● Problem requirements
What you give must be the lines from the one containing "Cut from crisp" through the last line of the listing below, exactly, with nothing else and no pictures.

● Exercise data

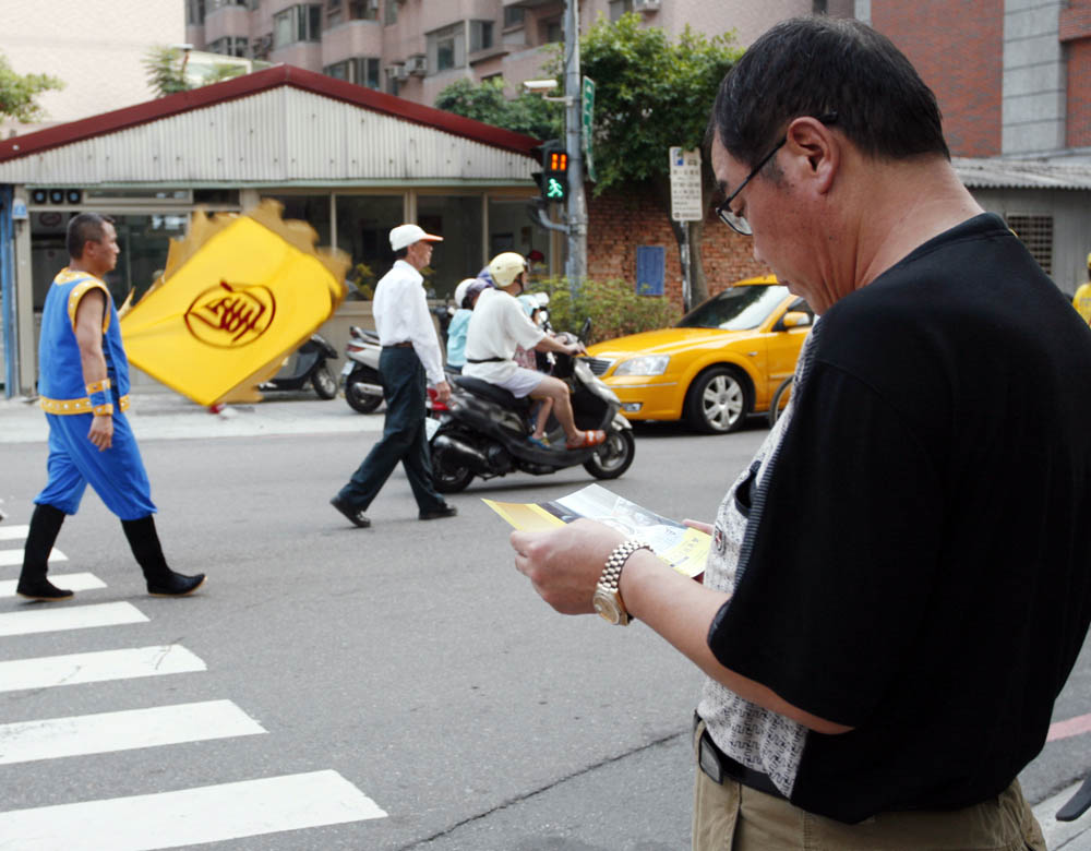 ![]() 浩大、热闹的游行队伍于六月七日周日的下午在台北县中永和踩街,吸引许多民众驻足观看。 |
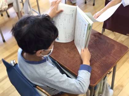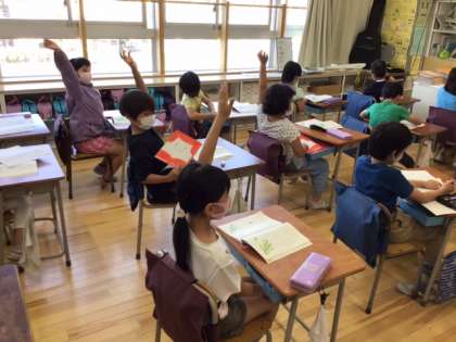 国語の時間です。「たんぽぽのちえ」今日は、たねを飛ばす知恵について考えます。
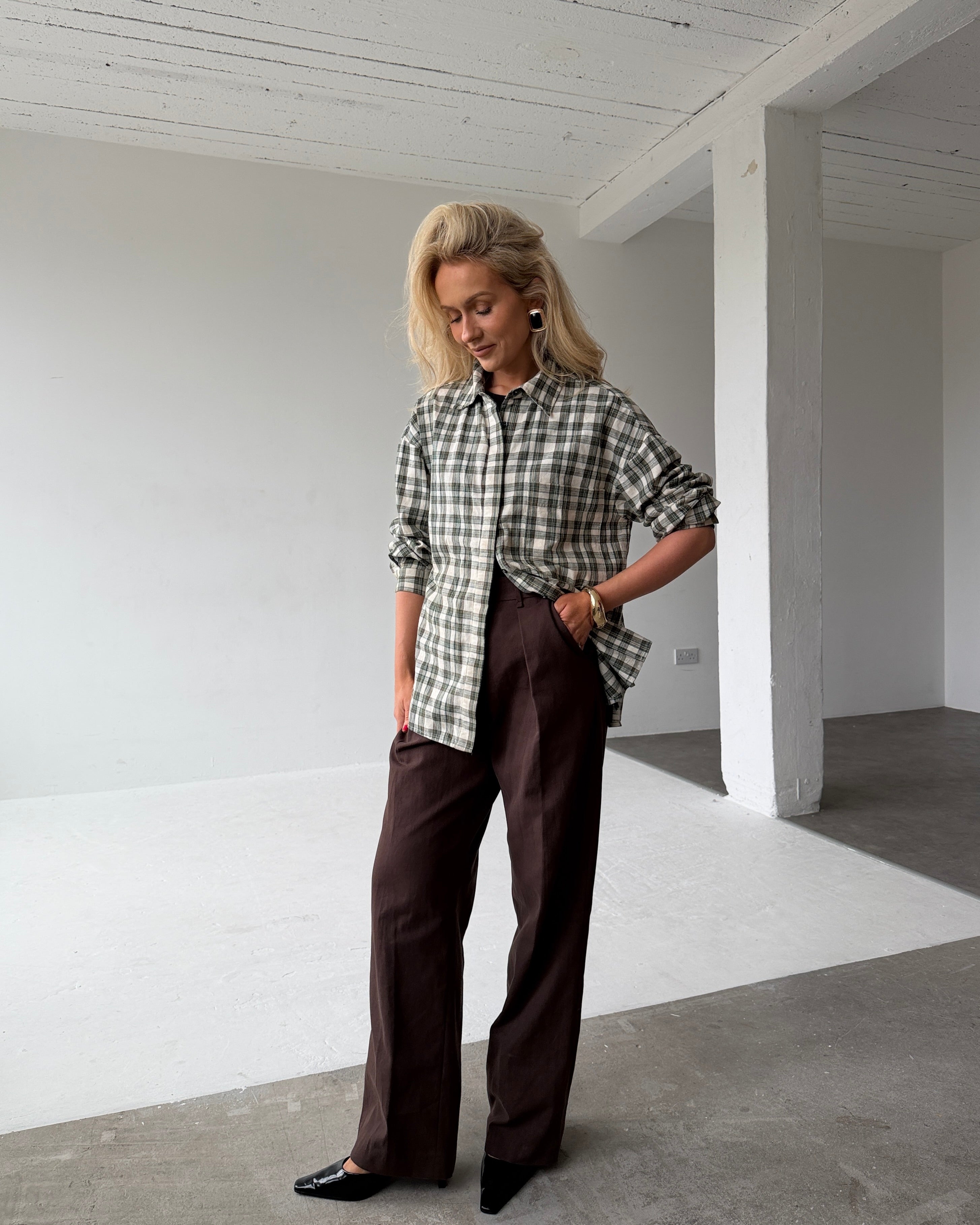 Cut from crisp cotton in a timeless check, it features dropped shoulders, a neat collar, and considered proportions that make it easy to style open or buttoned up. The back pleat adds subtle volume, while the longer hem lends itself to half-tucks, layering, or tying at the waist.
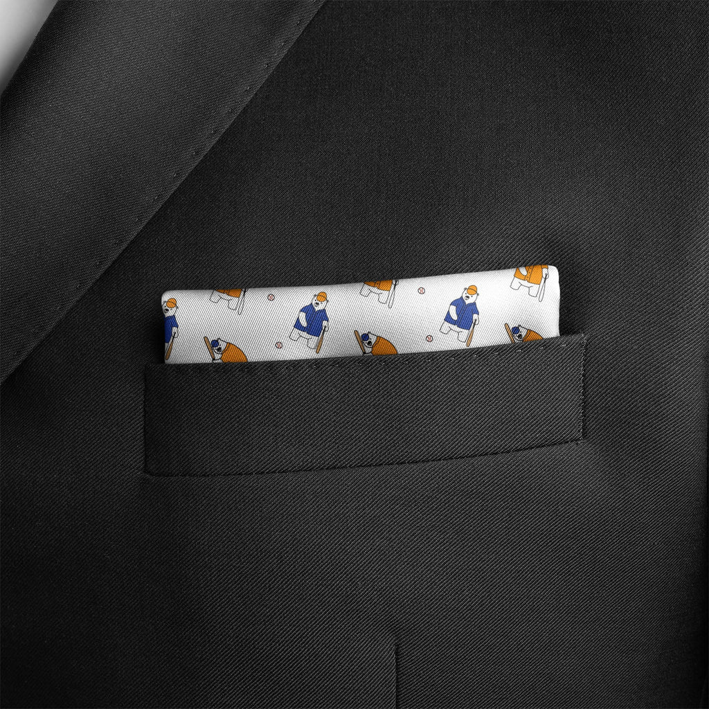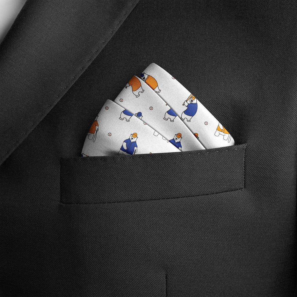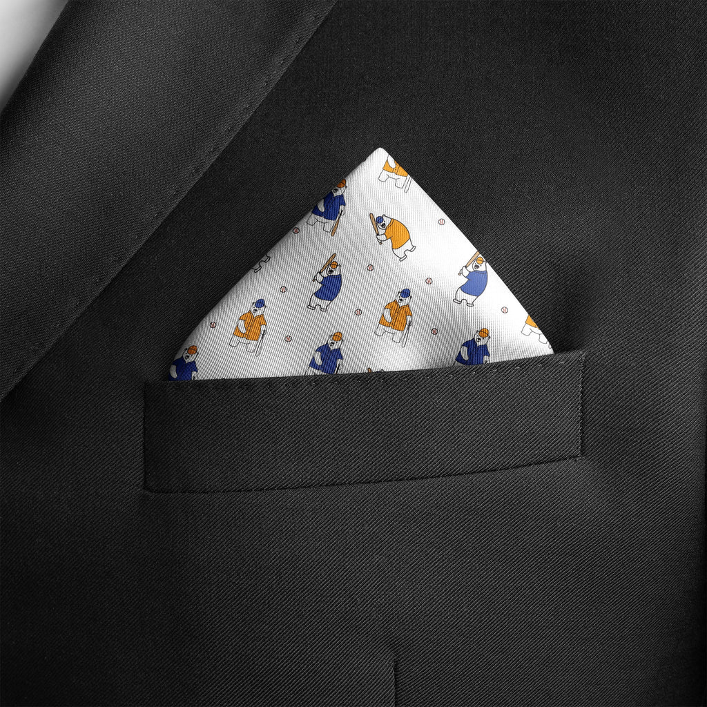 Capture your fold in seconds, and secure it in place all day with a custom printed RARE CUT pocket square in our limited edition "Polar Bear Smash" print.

● Answer box
 Cut from crisp cotton in a timeless check, it features dropped shoulders, a neat collar, and considered proportions that make it easy to style open or buttoned up. The back pleat adds subtle volume, while the longer hem lends itself to half-tucks, layering, or tying at the waist.
 Capture your fold in seconds, and secure it in place all day with a custom printed RARE CUT pocket square in our limited edition "Polar Bear Smash" print.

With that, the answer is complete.